Back to all posts
Saket's Blog

RAG Explained Properly: How AI Systems Use Your Data

2026-02-11
13 min read
AIRAGLLMEmbeddingsVector Databases

RAG Explained Properly: How AI Systems Use Your Data

One of the fastest ways to build a disappointing AI product is to assume the base model already knows everything that matters. It does not know your company docs, your pricing rules, your product edge cases, your internal policies, or the latest version of anything that changed after training. Yet this is exactly where many real-world AI applications need to operate.

That gap is why RAG became such a big deal.

Unfortunately, it is also why RAG gets explained badly. You will often hear some version of: "Just put your docs in a vector database and the model will answer from them." That description is not technically wrong, but it leaves out the part that matters most: RAG is only useful when retrieval is done well, and retrieval done well is a system design problem.

So let's explain it properly.

Why the Base Model Is Not Enough

A base LLM has broad knowledge from training data. That is useful for general language and common concepts, but it breaks down in practical scenarios:

  • Your support docs changed last week
  • Your legal policy is private
  • Your product catalog is not public
  • Your internal architecture is unique
  • Your user wants an answer grounded in your actual source material

You could try to paste all of that into a prompt, but that quickly runs into problems:

  • too much text
  • poor relevance
  • high cost
  • slow responses
  • inconsistent grounding

RAG exists because the model needs the right context at the right time, not all possible context all at once.

What RAG Actually Means

RAG stands for Retrieval-Augmented Generation.

The name sounds heavier than the idea.

It simply means:

  1. Retrieve relevant information from an external knowledge source
  2. Add that information to the prompt
  3. Let the model generate an answer using both the user query and the retrieved context

That is the core pattern.

The model is still generating the final answer, but the answer is now grounded in retrieved information rather than relying only on what the model happened to absorb during training.

A Good Mental Model

Here is the simplest mental model I know:

The model is the writer. The retrieval system is the librarian.

The writer is good at language. The librarian is good at finding the right material. If the librarian brings back irrelevant pages, outdated notes, or nothing useful at all, the writer cannot save the situation consistently. If the librarian returns the right context, the writer suddenly looks much smarter.

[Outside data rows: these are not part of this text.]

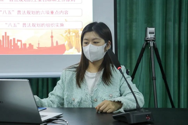 杨静老师从三个方面为大家全面解读了关于开展法治宣传教育的第八个五年规划(2021—2025年)。一是主要目标和工作原则。要以习近平法治思想引领全民普法工作,到2025年,公民法治素养和社会治理法治化水平显著提升,全民普法工作体系更加健全;二是规划的六项重点内容。主要概括为六项重点内容,三项新举措,三个新要求;三是规划的组织实施。要切实加强组织领导、全面落实普法责任制、不断强化基层基础、切实加强评估检查。
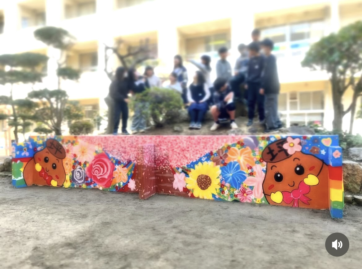 伐採された桜の木をキーホルダーにして児童たちも資金集めから動き始めた姿〜先生との打ち合わせ、壁画のテーマと思いから児童たちと一緒に関わったことで無事、お披露目式を迎えれて私も本当に嬉しかったです。伐採された桜の木をキーホルダーについてと壁アートが担当だった児童たちの制作の様子です。
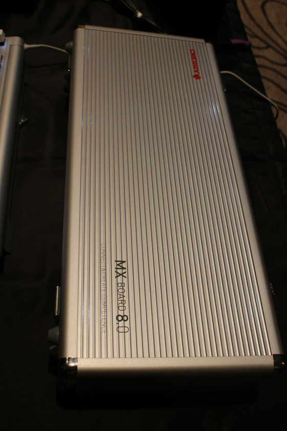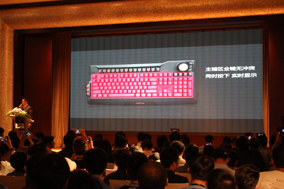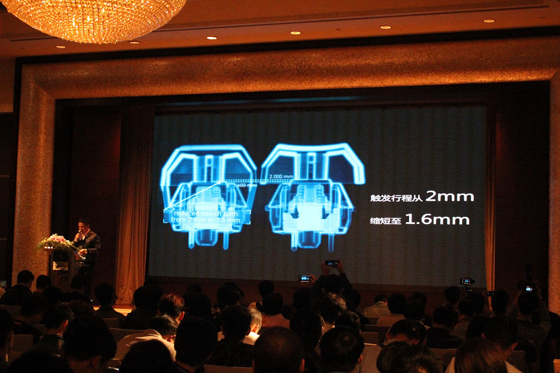 CHERRY德國市場總監Michael因為工作檔期不能抵滬,為大家帶來一個新的驚喜,視頻播放后給全場參會者帶來不小的轟動,CHERRY MX BOARD 8.0(以下簡稱8.0)。CHERRY 8.0有三大特點,百分之八十精簡布局,省掉了小鍵盤;全鍵盤鋁制機身,CNC陽極氧化處理;鋁制銀色軍火箱。除此之外,側邊CD紋理,卷軸旋轉式支架設計讓人眼前一亮。懸浮式上蓋,全鍵無沖,白色背光,細膩的二色透光鍵帽,宏按鍵和驅動軟件等功能應有盡有。CHERRY MX黑、青、茶、紅四種軸體可選,零售價為1499元,發布會后預約發售。

That is why people often over-credit the model and under-credit retrieval quality.

The Basic RAG Pipeline

A practical RAG system usually has two phases:

Phase 1: Indexing

This is where you prepare your data ahead of time.

Typical steps:

  1. Collect source documents
  2. Clean and normalize them
  3. Split them into chunks
  4. Turn those chunks into embeddings
  5. Store them in a searchable index, often a vector database

Phase 2: Retrieval and Answering

This happens at query time.

Typical steps:

  1. User asks a question
  2. The question is embedded into vector form
  3. The system retrieves the most relevant chunks
  4. Those chunks are added to the prompt
  5. The LLM generates an answer grounded in that context

That is the architecture most people mean when they talk about RAG.

What Are Embeddings?

An embedding is a numerical representation of text that captures semantic meaning.

You do not need to stare at the vector math to understand the idea. Just think of it this way:

An embedding converts text into coordinates in a high-dimensional space where similar meanings tend to land closer together.

So these texts may end up near one another:

  • "How do I reset my password?"
  • "I forgot my login password"
  • "Password recovery steps"

Even though the wording differs, the meaning is related.

That is why embeddings are so useful for retrieval. They help the system find chunks based on semantic similarity, not just exact keyword matches.

Why Chunking Matters So Much

Chunking is the process of splitting documents into smaller pieces before embedding and storing them.

This sounds like a boring implementation detail. It is not. Chunking quality often determines whether your RAG system is helpful or frustrating.

If chunks are too large:

  • retrieval becomes noisy
  • irrelevant text gets pulled in
  • important details are buried
  • prompt cost grows

If chunks are too small:

  • you lose context
  • meaning gets fragmented
  • answers become incomplete

A good chunk should be large enough to preserve meaning and small enough to stay focused.

For example, imagine a product manual with a section explaining password reset. You usually want the chunk to contain the full steps and surrounding context, not half a sentence before the steps and the other half in a separate chunk.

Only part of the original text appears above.